A YOUNG love, two ancient religions ... a woman dying in a pool of her own blood after a very public stoning. This is the modern Iraq, for which we sent our troops to fight.

This is the freedom that exists ... and the reminder of how much more work there is still to be done.

For some, such as Du'a Khalil Aswad, this was the price of the so-called new freedom.

Of course, whether Du'a believed in the new freedom promised by the coalition forces will never be known.

All that we do know is that Du'a, young and in love, tested its limits only to see her new world come up terrifyingly, tragically, short. Her crime was to fall in love with a Sunni boy when her family practised the Yezidi religion, which does not allow marriage outside her faith.

The difference between her murder and the many other "honour" killings that also take place was that Du'a's death was captured by camera phone and sent around the world via the internet.

Never has the old world and new world come together more savagely.

A simple Google search will find the vision on any number of websites but it must come with a warning.

This is no Hollywood production. A woman dies before your eyes.

The blurred vision shows a crazed mob, jostling and crowing and jockeying for position, the cameraman struggling past the thousand-odd men who waited for Du'a to be dragged from the house of a tribal leader in a headlock so they could begin the killing.

More than anything the men are excited, which is as sickening to write as it is to accept.

In the mad scramble the cameraman finally gets close to Du'a, by which time she is already on the ground, her body sagging and struggling to stay strong.

Stones rain down on her. Her screams can be heard.

One stone, the size of a good Bessa brick, is catapulted with full force into her body.

As she tries to protect herself Du'a's hair is matted and strewn across her face. Again she screams.

To complete the shame somebody has ripped off her skirt, another man kicks her in the crotch.

For 30 minutes this goes on, until finally a stone knocks her unconscious and a deep, dark blood stream begins to run across the earth.

Du'a is dead.

This young woman, just 17 years old and whose crime was to fall in love, is now lost from this world forever.

If this is upsetting, then apologies.
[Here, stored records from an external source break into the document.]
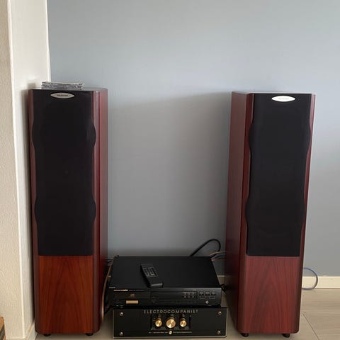 De gulvstående høyttalerne har flere elementer i hvert kabinett, med bassrefleksport i front.
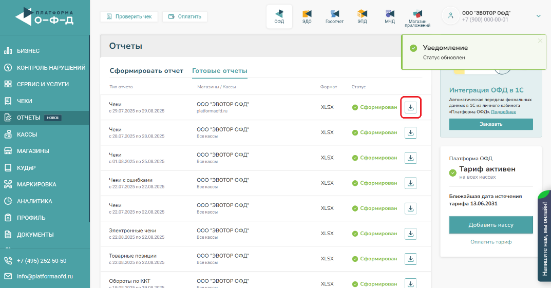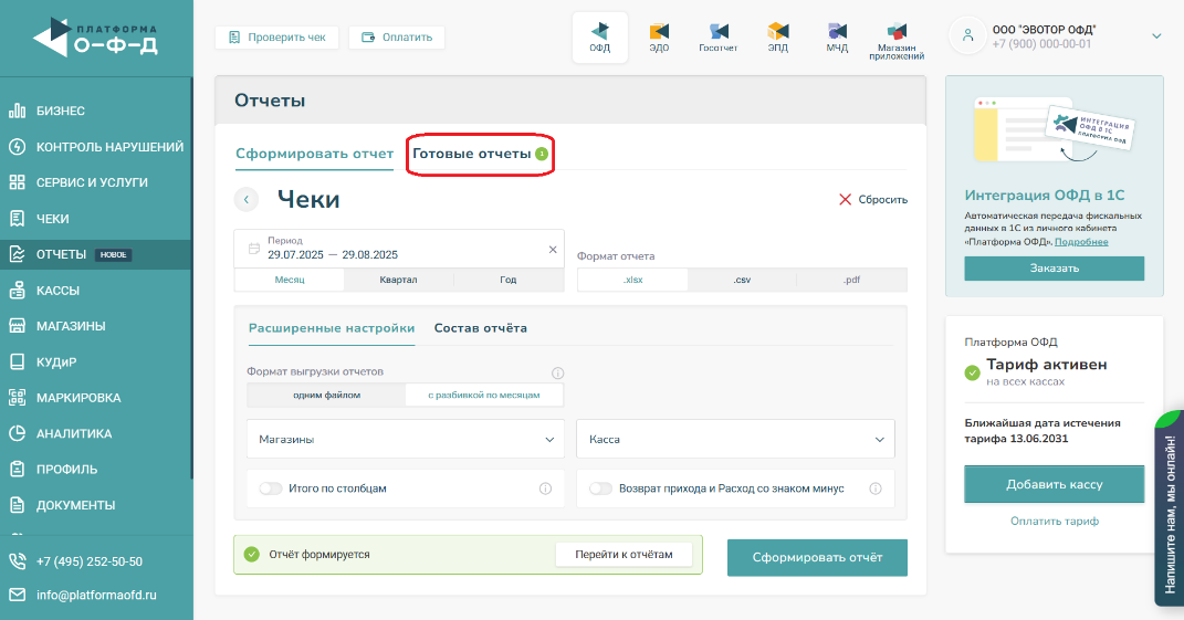 - Отчет попадет в очередь на формирование. Процесс формирования можно отследить во вкладке «Готовые отчеты»;
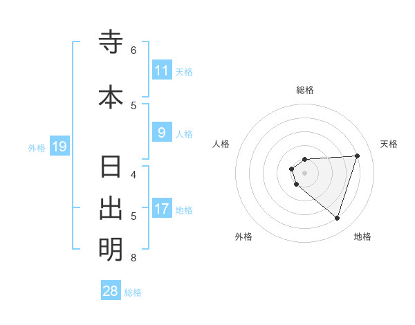 寺本 日出明さんの天格は11画の4点!

But this is the reality of our world, far from political spin, far from the lies of this "peaceful religion" we are force fed whenever racial tensions rise up.

It is abhorrent at every level. It must be stopped.

Du'a and her boyfriend, whose identity is still not known, had a plan to run away together.

Clearly aware that theirs was a forbidden love, it is uncertain whether their plan to elope was a result of having asked permission to marry and been denied or whether they planned it anyway, knowing how the answer would fall.

Regardless, they fled to Bashika but were betrayed by Du'a's family, whose "honour" had been besmirched.

They needed to cleanse the family and could do so only with Du'a's death.

Her parents did not want her to be stoned but, according to Diana Nammi, a leading Kurdish rights campaigner who fled to England, it is not certain whether they agreed to another form of death.

What is certain is that rather than a one-off, or a fading remnant of an old world that is thankfully disappearing, "honour" killings are on the rise in Iraq.

Nobody knows exact figures because exact figures are at best uncertain, at most shady, when it comes to happenings in Iraq.

But campaigners such as Ms Nammi say there is an "epidemic". The evidence is in the growing number of autopsy reports in Baghdad signed off with a simple verdict: "Killed to wash away her disgrace."

After Du'a's murder two men were arrested by Iraqi police but, according to Ms Nammi, were later quietly released.

Then last Saturday, 42 days after Du'a's murder, Iraqi authorities arrested four men in relation to the killing.

On the surface, at least, the arrests have been applauded.

"They (the crowd) brutally killed a young Yezidi girl in pursuit of out-of-date tribal rites," Tahsin Saeed Ali, the Yezidi religious leader known as the emir of the Yezidis in Iraq, said.

Is this a hope? Is this a sign of change, that maybe the coalition is making some headway, or merely a false dawn?

It is difficult to get too excited. The death came to light only after the image was released on the internet, after all, when the rest of the world had begun to vent its outrage. It forced the authorities to act.

Elsewhere the rise in "honour" killings suggests a descent into localised law, indicating it is getting worse rather than better. Maybe it has to before things are finally righted, which gives no comfort.
Posted by:Oztralian

#1  This story has been kicking around the intertubes for about 2 weeks now, and again I note that while honour killings happen damn near every day across Arabia and the Arabized world, the only one to get global attention was an infidel girl who was killed for lovong a Sunni boy. Her story is tragic, but AFAIK the yezidis do not routinely murder their wimmenfolk.